● **Excerpted records**
━━━

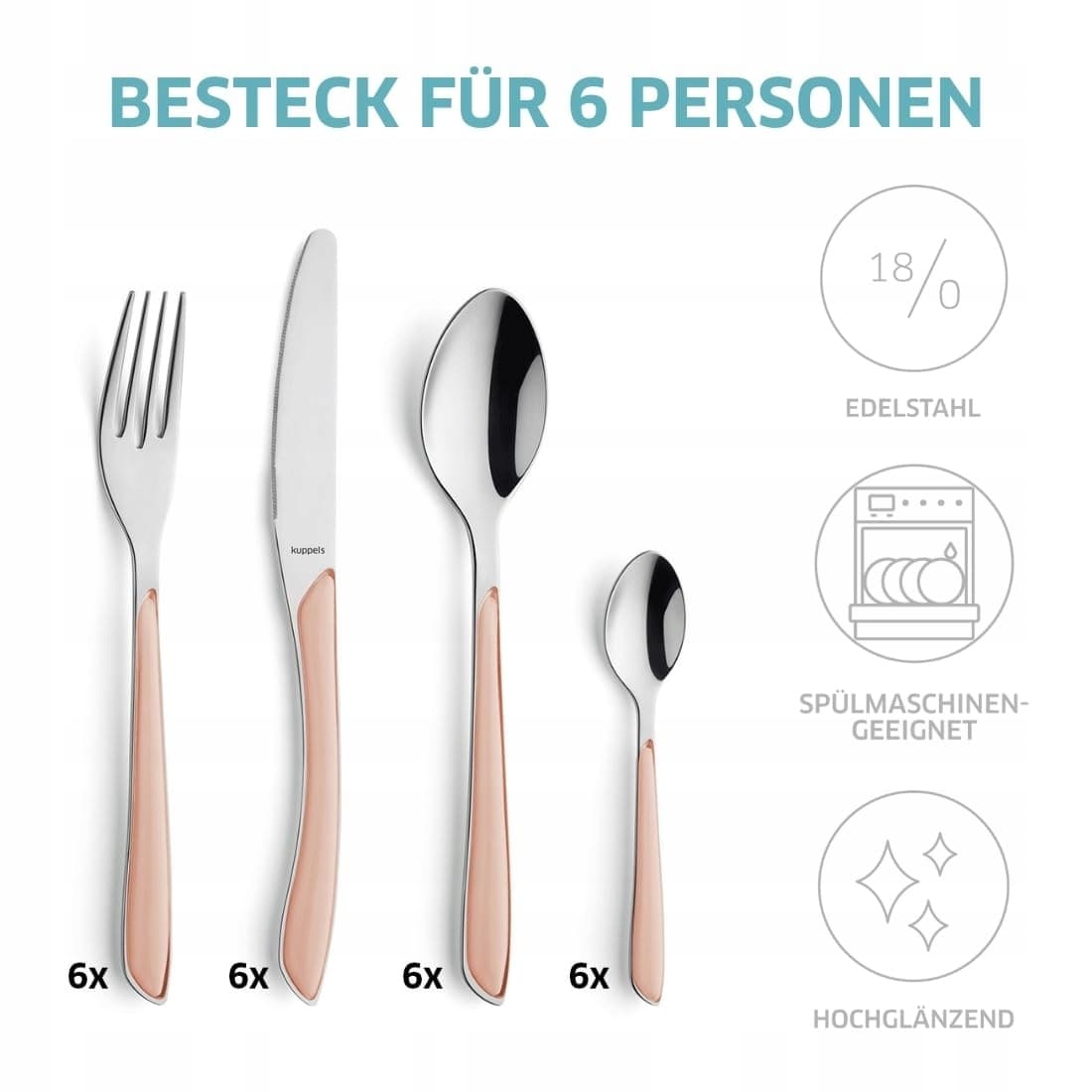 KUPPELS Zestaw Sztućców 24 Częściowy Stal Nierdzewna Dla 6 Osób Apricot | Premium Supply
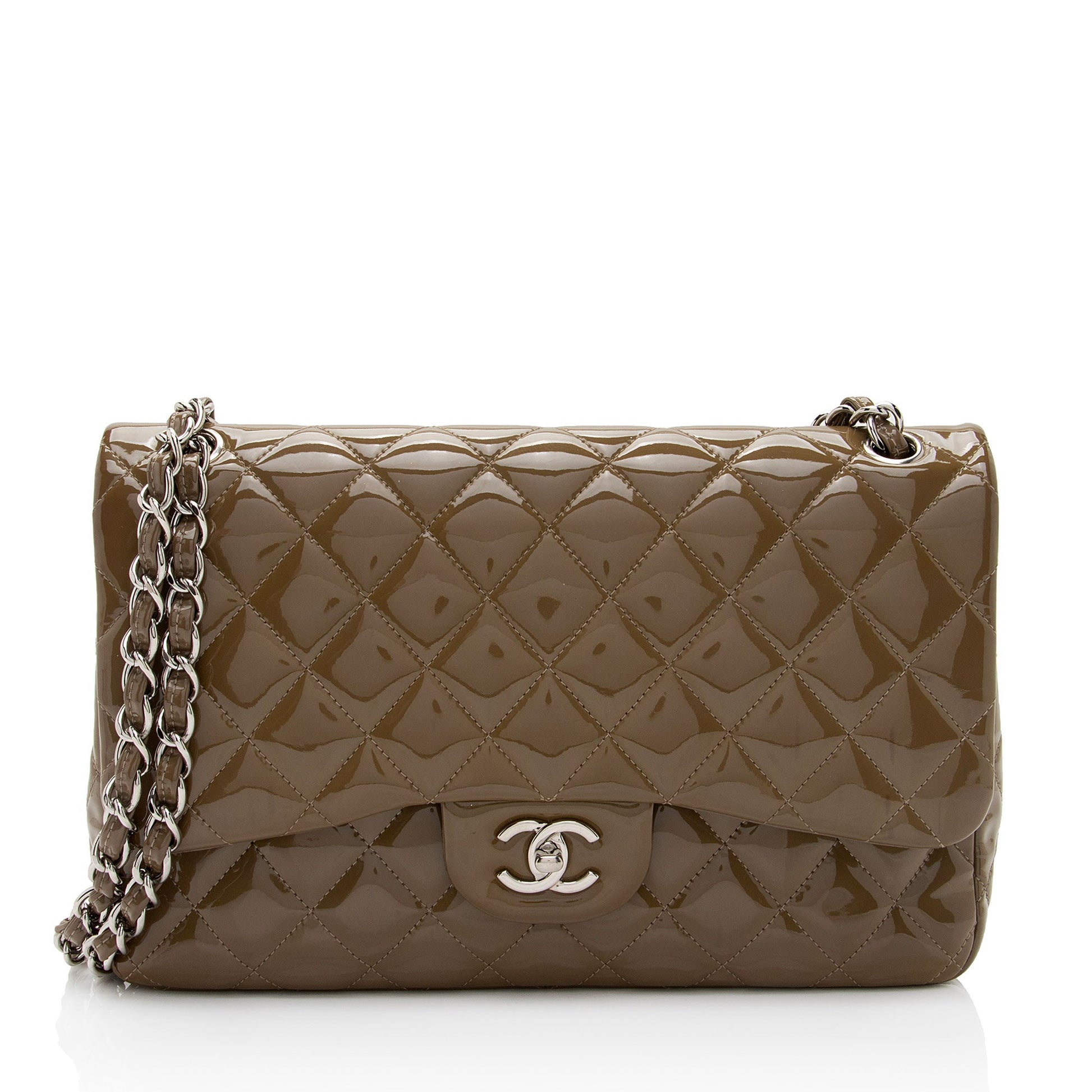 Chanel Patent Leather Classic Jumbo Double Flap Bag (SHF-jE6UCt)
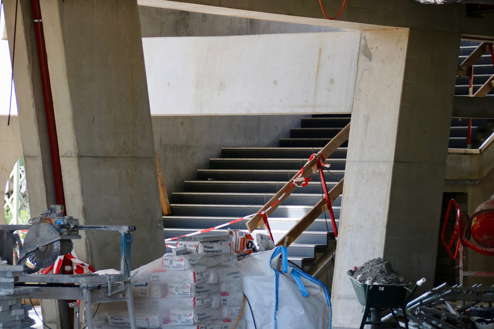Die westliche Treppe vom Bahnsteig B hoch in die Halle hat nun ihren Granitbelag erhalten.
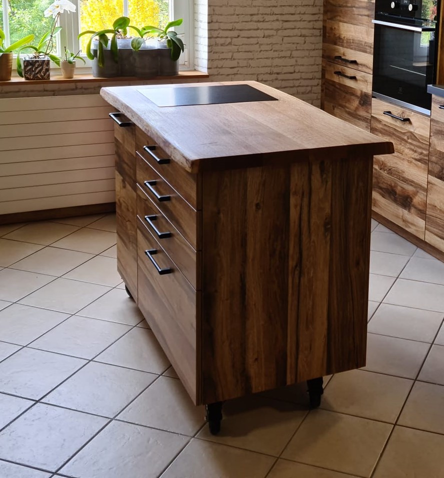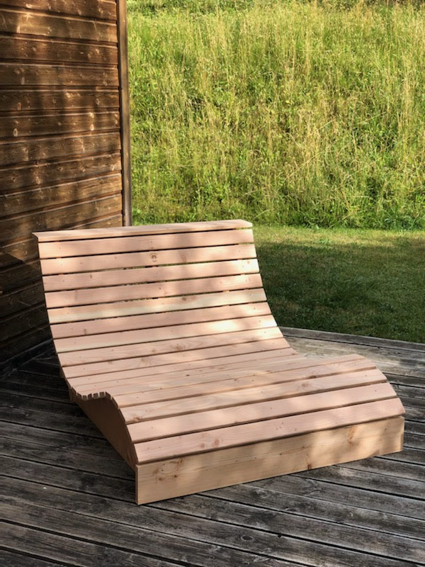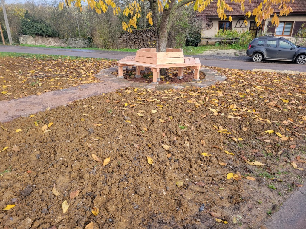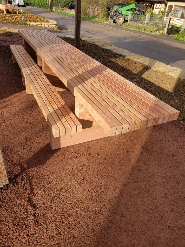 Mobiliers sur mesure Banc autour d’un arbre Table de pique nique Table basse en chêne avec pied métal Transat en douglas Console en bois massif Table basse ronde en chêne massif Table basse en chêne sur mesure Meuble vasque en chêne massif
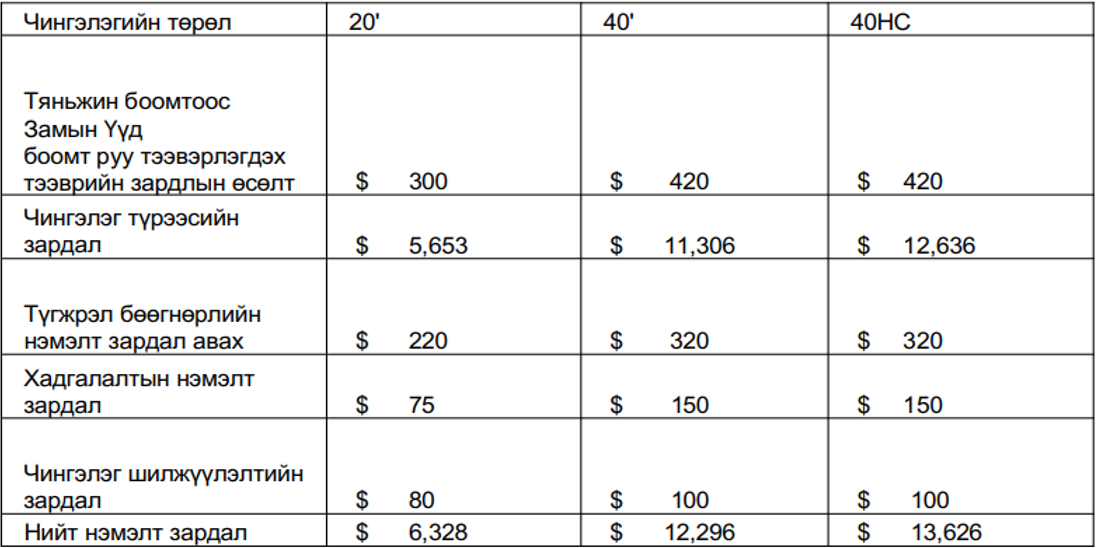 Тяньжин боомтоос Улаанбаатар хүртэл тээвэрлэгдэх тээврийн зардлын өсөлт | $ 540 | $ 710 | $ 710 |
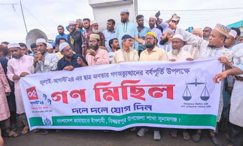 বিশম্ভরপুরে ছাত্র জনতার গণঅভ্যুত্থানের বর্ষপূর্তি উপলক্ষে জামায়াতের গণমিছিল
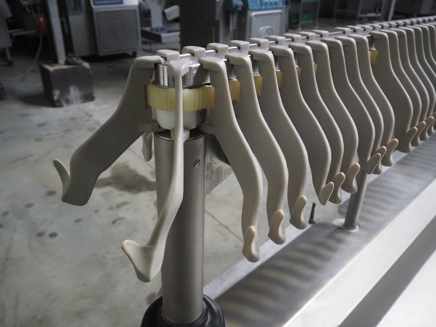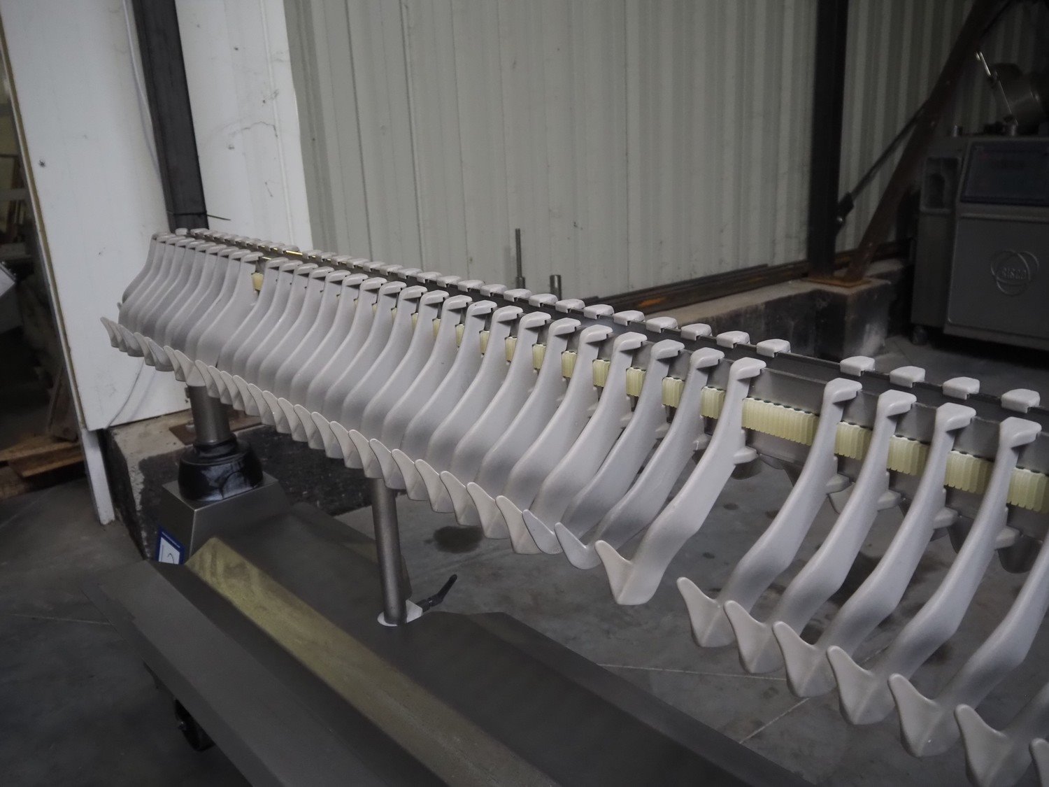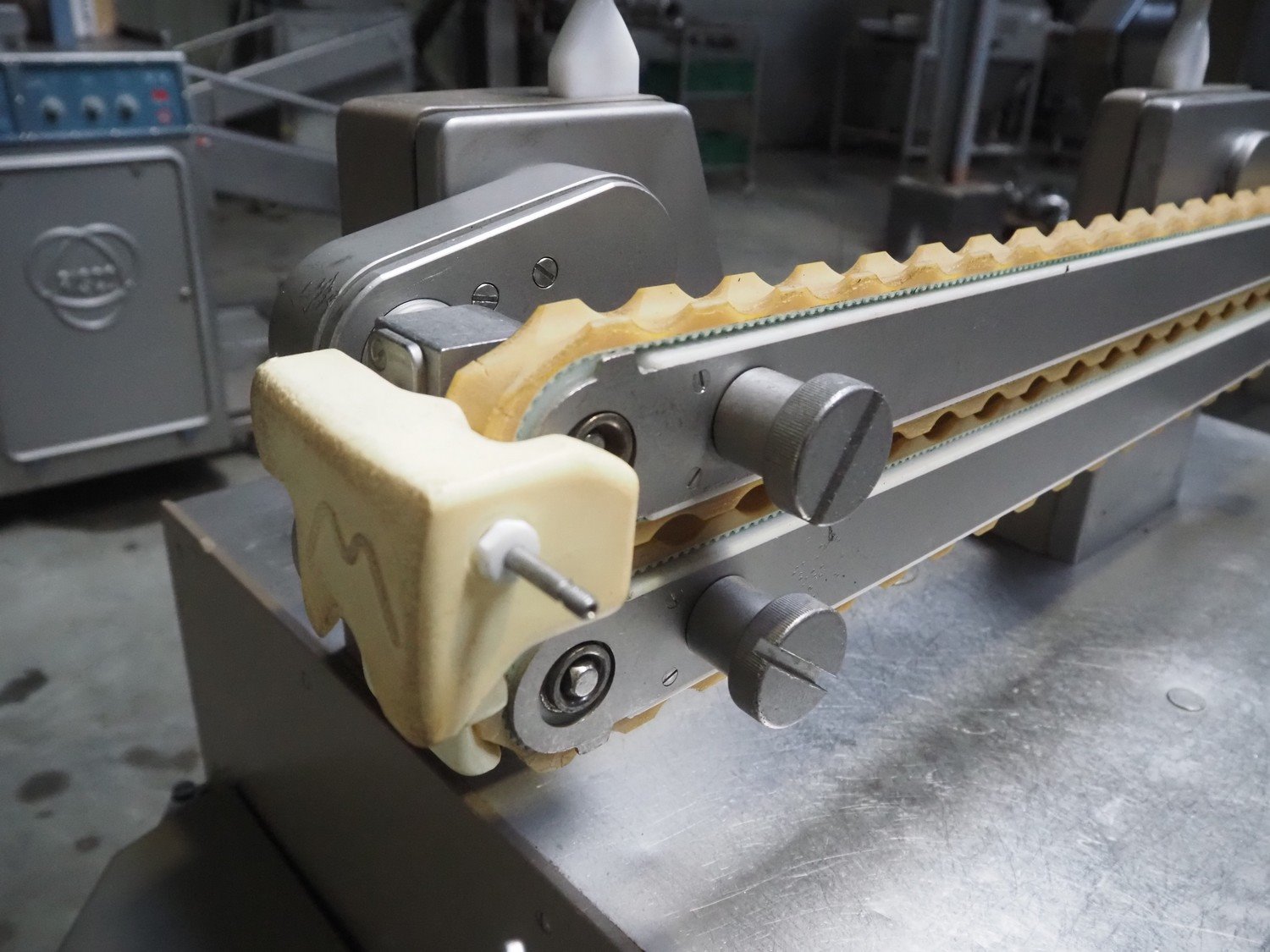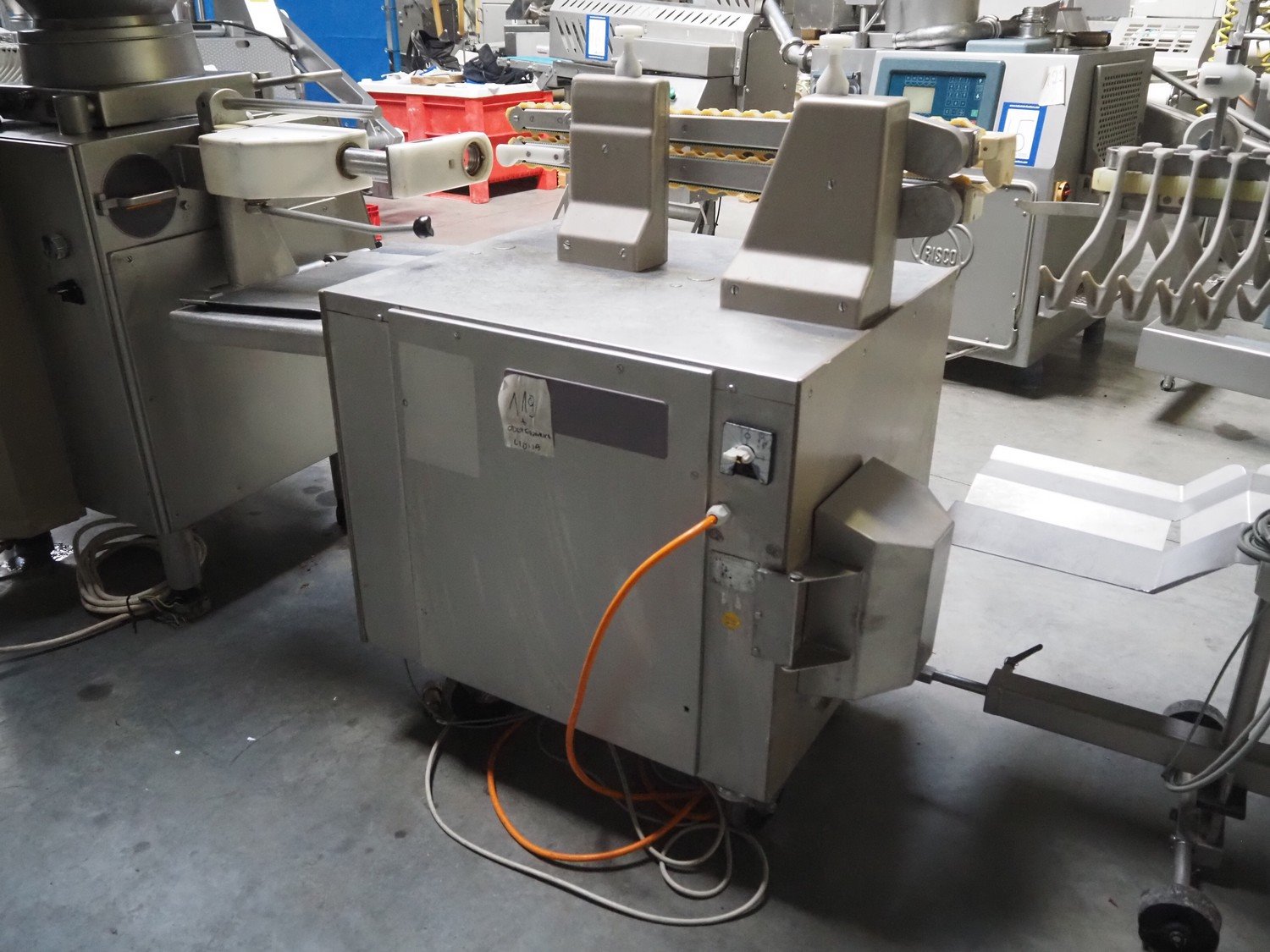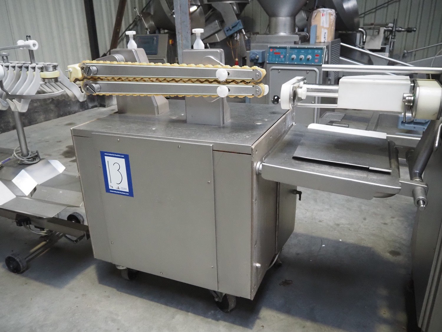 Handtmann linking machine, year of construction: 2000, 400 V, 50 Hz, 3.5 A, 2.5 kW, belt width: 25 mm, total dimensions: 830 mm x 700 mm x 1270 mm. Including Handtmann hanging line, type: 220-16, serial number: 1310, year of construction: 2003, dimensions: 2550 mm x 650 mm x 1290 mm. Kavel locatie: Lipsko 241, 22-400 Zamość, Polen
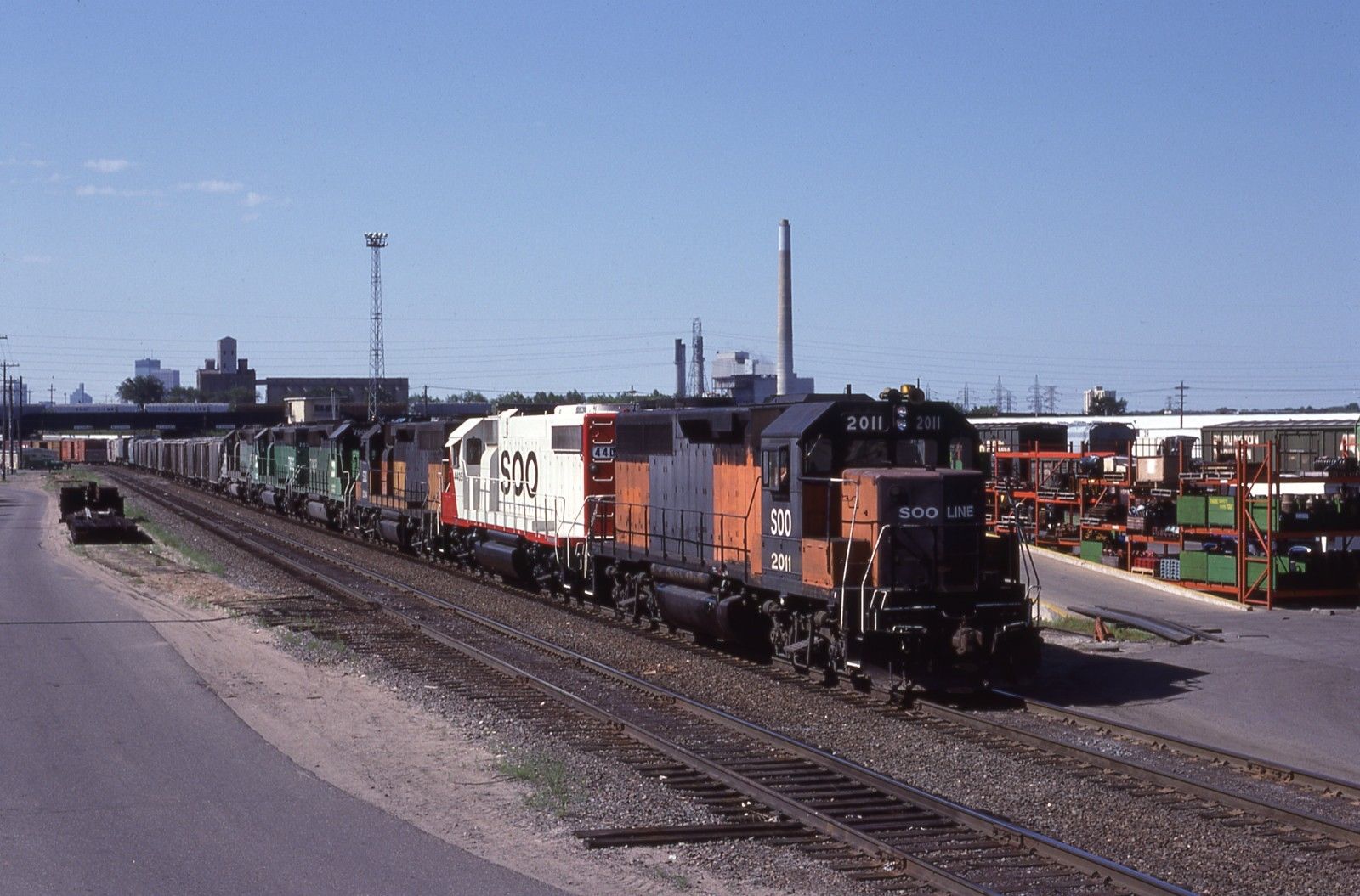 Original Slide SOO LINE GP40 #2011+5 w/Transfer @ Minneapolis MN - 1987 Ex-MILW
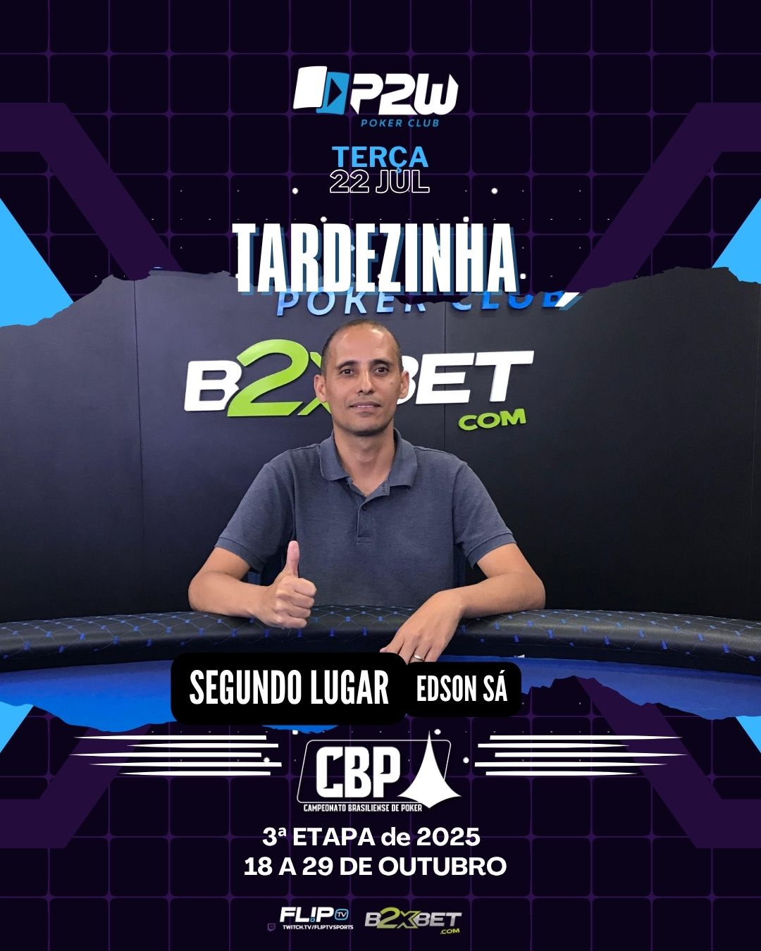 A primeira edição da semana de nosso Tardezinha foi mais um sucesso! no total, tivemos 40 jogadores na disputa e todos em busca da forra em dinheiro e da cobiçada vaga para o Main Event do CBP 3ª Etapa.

━━━

● **Problem to solve**
Please repeat every line from the listing above exactly as it appears. Drop the pictures.

● **Answer**
 KUPPELS Zestaw Sztućców 24 Częściowy Stal Nierdzewna Dla 6 Osób Apricot | Premium Supply
 Chanel Patent Leather Classic Jumbo Double Flap Bag (SHF-jE6UCt)
Die westliche Treppe vom Bahnsteig B hoch in die Halle hat nun ihren Granitbelag erhalten.
 Mobiliers sur mesure Banc autour d’un arbre Table de pique nique Table basse en chêne avec pied métal Transat en douglas Console en bois massif Table basse ronde en chêne massif Table basse en chêne sur mesure Meuble vasque en chêne massif
 Тяньжин боомтоос Улаанбаатар хүртэл тээвэрлэгдэх тээврийн зардлын өсөлт | $ 540 | $ 710 | $ 710 |
 বিশম্ভরপুরে ছাত্র জনতার গণঅভ্যুত্থানের বর্ষপূর্তি উপলক্ষে জামায়াতের গণমিছিল
 Handtmann linking machine, year of construction: 2000, 400 V, 50 Hz, 3.5 A, 2.5 kW, belt width: 25 mm, total dimensions: 830 mm x 700 mm x 1270 mm. Including Handtmann hanging line, type: 220-16, serial number: 1310, year of construction: 2003, dimensions: 2550 mm x 650 mm x 1290 mm. Kavel locatie: Lipsko 241, 22-400 Zamość, Polen
 Original Slide SOO LINE GP40 #2011+5 w/Transfer @ Minneapolis MN - 1987 Ex-MILW
 A primeira edição da semana de nosso Tardezinha foi mais um sucesso! no total, tivemos 40 jogadores na disputa e todos em busca da forra em dinheiro e da cobiçada vaga para o Main Event do CBP 3ª Etapa.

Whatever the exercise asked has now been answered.